**WHAT YOU WILL DO:** An exact transcription of the entries is required, with no images included.

**DATA FOR ANALYSIS:**
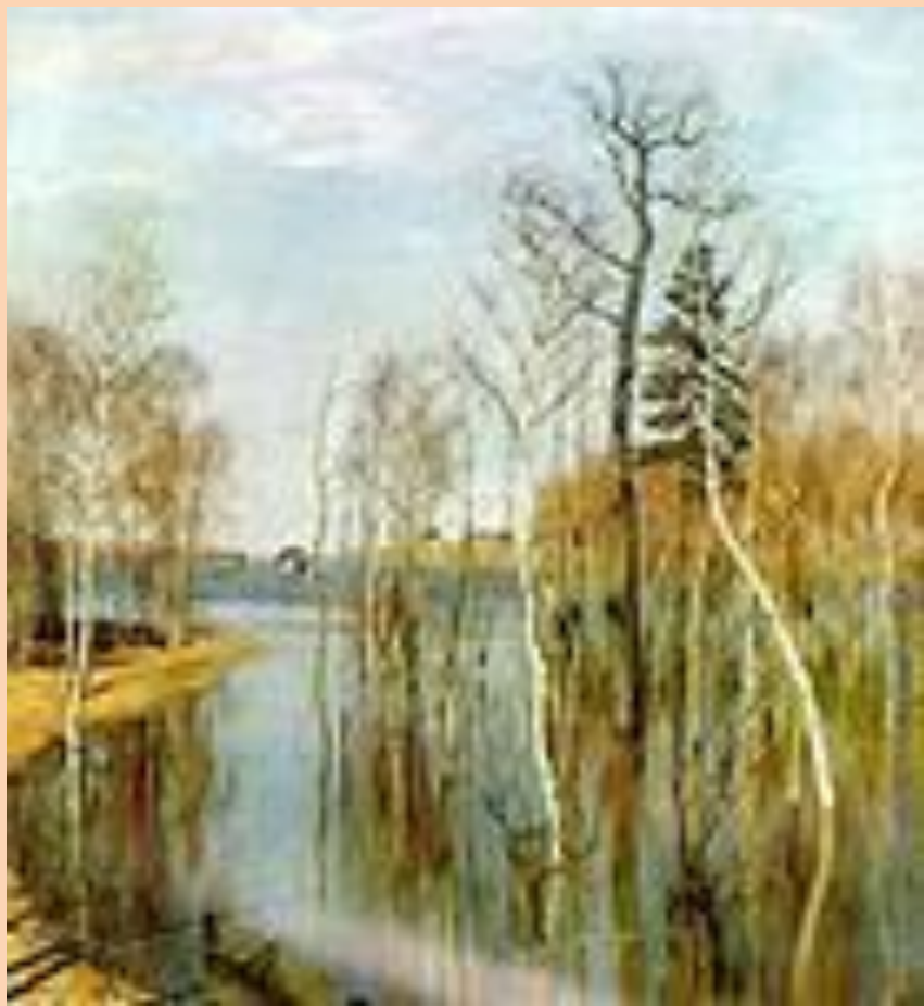
И. Левитан «Весна. Большая вода»
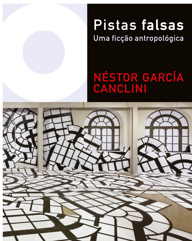
Capa da edição brasileira do livro Pistas Falsas (Instituto Itaú Cultural; Editora Iluminuras, 2020)
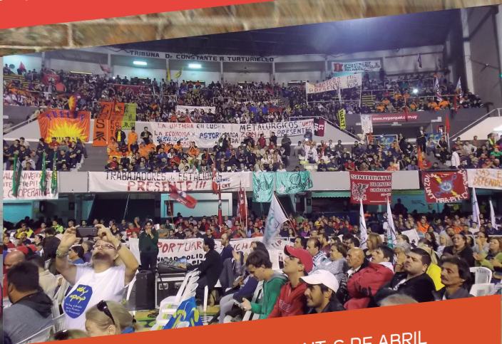
PARO PARCIAL DEL PIT CNT, 6 DE ABRIL
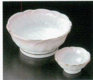
05019-294 ピンク吹梅型向付 1,750円 40入 (15.1×6.3cm) 05020-294 ピンク吹梅型千代久 570円 150入 (8×3.3cm)
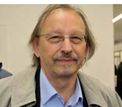
Didier Daeninckx, ami fidèle du FIG, a une nouvelle fois honoré le Salon du Livre de sa présence
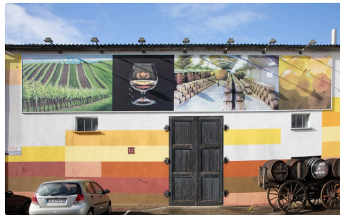
Façade des Hauts de Montrouge
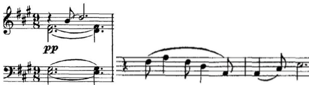
Prvi motiv – klavir
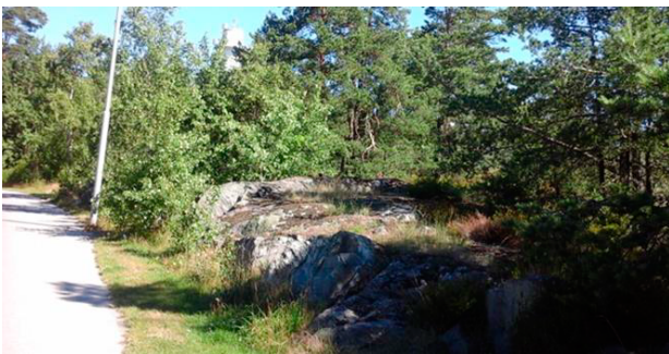
Planområdets östra sida med hållmark och berg i dagen.
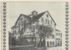
Langenargen. Hotel Schiff.

Prachtvolle Lage dir. am See. Grosse Terrasse u. Garten mit herrlich. Blick auf See u. Gebirge. Gelegenheit zum Fischen u. Gondelfahrten. — Schöne Spaziergänge. Portier an sämtlichen Schiffen. Telephon. 20 Betten. Besitzer: Oskar Schneider .
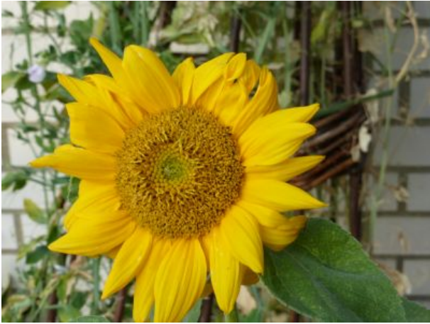
Und immer wieder geht die Sonne auf
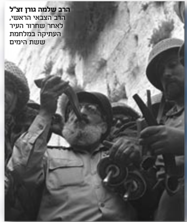
הרב שלמה גורן זצ"ל הרב הצבאי הראשי, לאחר שחרור העיר העתיקה ממלחמת ששת הימים
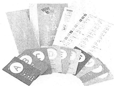
簡易キット「もの忘れアルかなチェック はからめ」

名古屋市のバイオ製品製造業「グローバルエンジニアリング」が、カードをこすり、においをどう感じたかで認知症の疑いを調べることができる簡易キット「もの忘れアルかなチェック はからめ」を販売している。同社の担当者は「いきなり病院に行くのはハードルが高いという声が多い。早期発見のきっかけになれば」とPRしている。同社によると、認知症の
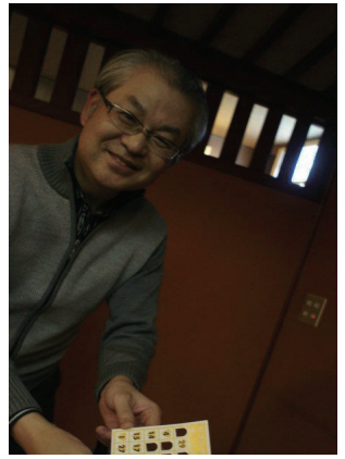
平成23年12月9日 金曜日 午後7時半より福岡市中央区西中洲の博多料理「春駒」にて、平成23年度福岡支部忘年会が開催されました。参加者は28名でした。
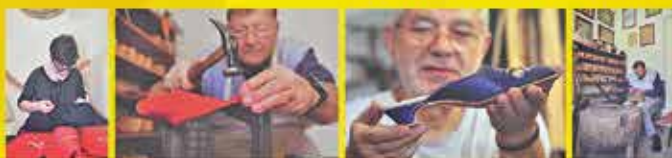
Részlet az Aula Galéria tártatóból. A kiállított fotókat Frank Yvette készítette.

Tudták, hogy egy szegedi templomban Szűz Mária lábain is nemzeti értékünk, a „szegedi papucs ékeskedik”?
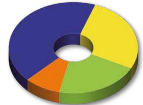
Nemzetközi piacok árbevétele régióként (2020)

A Társaság árbevételének több mint 92%-a exporttevékenységének eredménye: 2020-ban 1495,5 millió euró. Legnagyobb nemzetközi piacaink: USA, Oroszország, Lengyelország, Németország, Ukrajna és Románia.

**ANSWER TO THIS EXERCISE:**
И. Левитан «Весна. Большая вода»
Capa da edição brasileira do livro Pistas Falsas (Instituto Itaú Cultural; Editora Iluminuras, 2020)
PARO PARCIAL DEL PIT CNT, 6 DE ABRIL
05019-294 ピンク吹梅型向付 1,750円 40入 (15.1×6.3cm) 05020-294 ピンク吹梅型千代久 570円 150入 (8×3.3cm)
Didier Daeninckx, ami fidèle du FIG, a une nouvelle fois honoré le Salon du Livre de sa présence
Façade des Hauts de Montrouge
Prvi motiv – klavir
Planområdets östra sida med hållmark och berg i dagen.
Langenargen. Hotel Schiff.

Prachtvolle Lage dir. am See. Grosse Terrasse u. Garten mit herrlich. Blick auf See u. Gebirge. Gelegenheit zum Fischen u. Gondelfahrten. — Schöne Spaziergänge. Portier an sämtlichen Schiffen. Telephon. 20 Betten. Besitzer: Oskar Schneider .
Und immer wieder geht die Sonne auf
הרב שלמה גורן זצ"ל הרב הצבאי הראשי, לאחר שחרור העיר העתיקה ממלחמת ששת הימים
簡易キット「もの忘れアルかなチェック はからめ」

名古屋市のバイオ製品製造業「グローバルエンジニアリング」が、カードをこすり、においをどう感じたかで認知症の疑いを調べることができる簡易キット「もの忘れアルかなチェック はからめ」を販売している。同社の担当者は「いきなり病院に行くのはハードルが高いという声が多い。早期発見のきっかけになれば」とPRしている。同社によると、認知症の
平成23年12月9日 金曜日 午後7時半より福岡市中央区西中洲の博多料理「春駒」にて、平成23年度福岡支部忘年会が開催されました。参加者は28名でした。
Részlet az Aula Galéria tártatóból. A kiállított fotókat Frank Yvette készítette.

Tudták, hogy egy szegedi templomban Szűz Mária lábain is nemzeti értékünk, a „szegedi papucs ékeskedik”?
Nemzetközi piacok árbevétele régióként (2020)

A Társaság árbevételének több mint 92%-a exporttevékenységének eredménye: 2020-ban 1495,5 millió euró. Legnagyobb nemzetközi piacaink: USA, Oroszország, Lengyelország, Németország, Ukrajna és Románia.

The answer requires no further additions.